Forges de Zeebrugge
- Company type: Société anonyme
- Industry: Aerospace, defence
- Headquarters: Herstal, Belgium
- Area served: Worldwide
- Key people: Alain Quévrin (CEO)
- Products: Rocket system 70mm (2.75"), rocket, rocket launcher, firing control system
- Revenue: €21.7 million (2014)
- Number of employees: 70 (end 2015)
- Parent: Thales Group
- Website: www.fz.be

= Forges de Zeebrugge =

Belgian arms manufacturer

Forges de Zeebrugge (since 1 January 2017: Thales Belgium) is an arms manufacturer in based in Herstal, Belgium.

Forges de Zeebrugge was founded as a munitions factory between Zeebrugge and Zwankendamme, in the 1930s, as a subsidiary of Carcoke. During World War II, the site was taken over by German forces. Allied bombing, especially in July 1943, devastated the factory site; the original munitions factory was never rebuilt and later remediation of this site was difficult due to unexploded munitions.

The surviving FZ business changed focus to rocketry. In 1971, FZ bought the Fort d'Évegnée from Belgian Army, using it to store explosives.

Modern-day FZ is a subsidiary of Thales, and is a leading manufacturer of aircraft air-to-ground rocket system (70mm, 2.75") including rocket launcher (7, 12 and 19 tube), rockets and firing control system.
FZ rocket systems are qualified and in operational use on more than 300 platforms including Airbus Helicopters, AgustaWestland, Hindustan Aeronautics, BAE Systems, Embraer, General Dynamics, Hawker Beechcraft and other aircraft manufacturers. In 2011, FZ workers briefly went on strike, in response to a Belgian government reform of arms exports - which was triggered by FN exporting arms to Libya.

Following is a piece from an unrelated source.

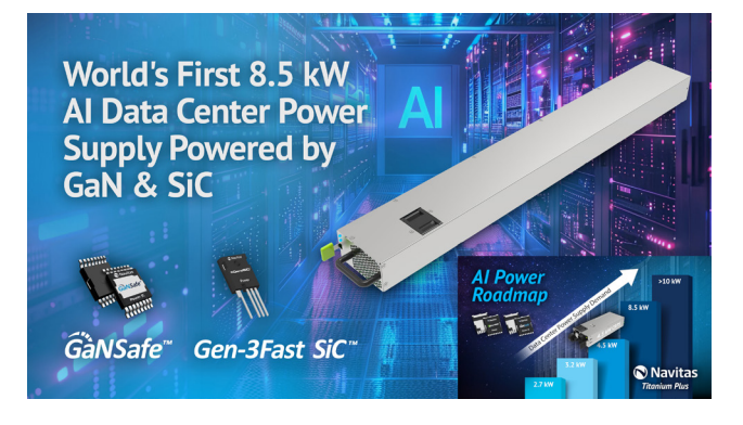
Figure 05 – WGB contributes to efficient power supply for AI datacenters

predicted that power demand per unit will ultimately reach 10kW (Figure 05 insert). Exploring the optimum benefits of combining GaN and SiC, the company released a 8.5kW, 98% efficiency reference design, complying with the with Open Compute Project (OCP), Open Rack v3 (ORv3) specifications and ready for stringent energy efficiency standards (Figure 05). This is a good representation of what has been achieved when combining WBG and other advanced technologies to power today and tomorrow ICT applications and more to be expected.

In October 2015, FZ has successfully completed a test firing of its 70 mm laser-guided rocket (FZ275 LGR) from a Denel Rooivalk helicopter.
In December 2017, an Airbus Helicopters H145M helicopter successfully launched a 70mm Laser Guided Rockets (FZ275 LGR) during its firing campaign at the Älvdalen test range of the Swedish Defence Materiel Administration Flight test Centre.